There is a subtle classism in the “wives stay at home” command, but Driscoll makes it outright obvious with his commands that fathers provide in ways that are open only to the echelons of the upper-middle class and higher. Systemic oppressions (like racist zoning codes that prevent black families from renting in certain neighborhoods and historic poverty repeating itself throughout generations) are ignored outright in favor of blaming fathers for a failure to provide. Indeed, no other factors are considered besides a man’s unwillingness to embrace God as a Lord and Savior – on page 40, Driscoll refers to impoverished men as “lazy” and says that they “hate children by their actions.” In Driscoll’s world, no matter how good of a father you may be in terms of being a spiritual guide, in terms of helping your children become a solid, healthy adult, it is all folly if you are unable to provide in extravagant and ridiculous ways.

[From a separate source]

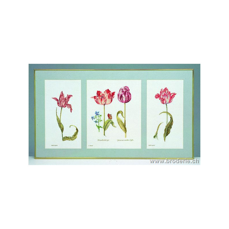 L'article 'Thea Gouverneur, kit tryptique de tulipes (G2039)' fait partie de notre assortiment depuis le 9 avril 2010. La gamme Thea Gouverneur est une très belle et riche gamme hollandaise de points de croix comptés. Les kits proposés sur du lin sont tous disponibles sur aïda sur demande, au même tarif. La gamme propose de très grands tableaux à divers thèmes, notamment floraux, sportifs, et aussi de belles villes en couleurs. Vous trouverez aussi de véritables photos de fleurs et de fruits, cieux bleus ou orageux.

I almost can’t believe that I need to write it down, but this is directly contrary to the life the original apostles and the first century Christians lived. Providing for generations upon generations was not a concern post-Jesus - partly because they believed in the immediacy of Jesus’s return, but also because they found riches to be a distraction to living a Gospel centered-life. Many scholars point to Paul’s rules about modesty (1 Peter 3:3) and about communion (1 Corinthian 11) were explicitly about being ostentatious about riches to the point of actively harming those who are poor. With the communion meal in Paul’s time, the Lord’s Supper was not the cracker and wine we use in symbols today, but it was an actual meal, provided by those who had the ability to provide. Unfortunately, as Paul addresses in 1 Corinthians, many of those who provided the meal were eating it before those who were poor and hungry had the chance to eat. Paul puts a stop to this practice, arguing for generosity, saying in quite harsh terms:
“Don’t you have homes to eat and drink in? Or do you despise the church of God by humiliating those who have nothing? What shall I say to you? Shall I praise you? Certainly not in this matter!”
Driscoll’s classism here is not a mere matter of perpetuating systemic oppressions that distract us from examining institutional structures, but the way in which he issues it as a command creates an unnecessary spiritual burden upon his brothers. If men are not providing ostentatiously, in Driscoll’s world, they are ungodly. This, my friends, is spiritual abuse – no person should be made to feel like less of a Christian because they are unable to pull themselves up by their bootstraps when they do not have boots. Good Christian fathers exist in the worst slums of the world just as they exist in the suburbs of Seattle. To ignore this is to encourage the oppression and harm of one’s Christian family.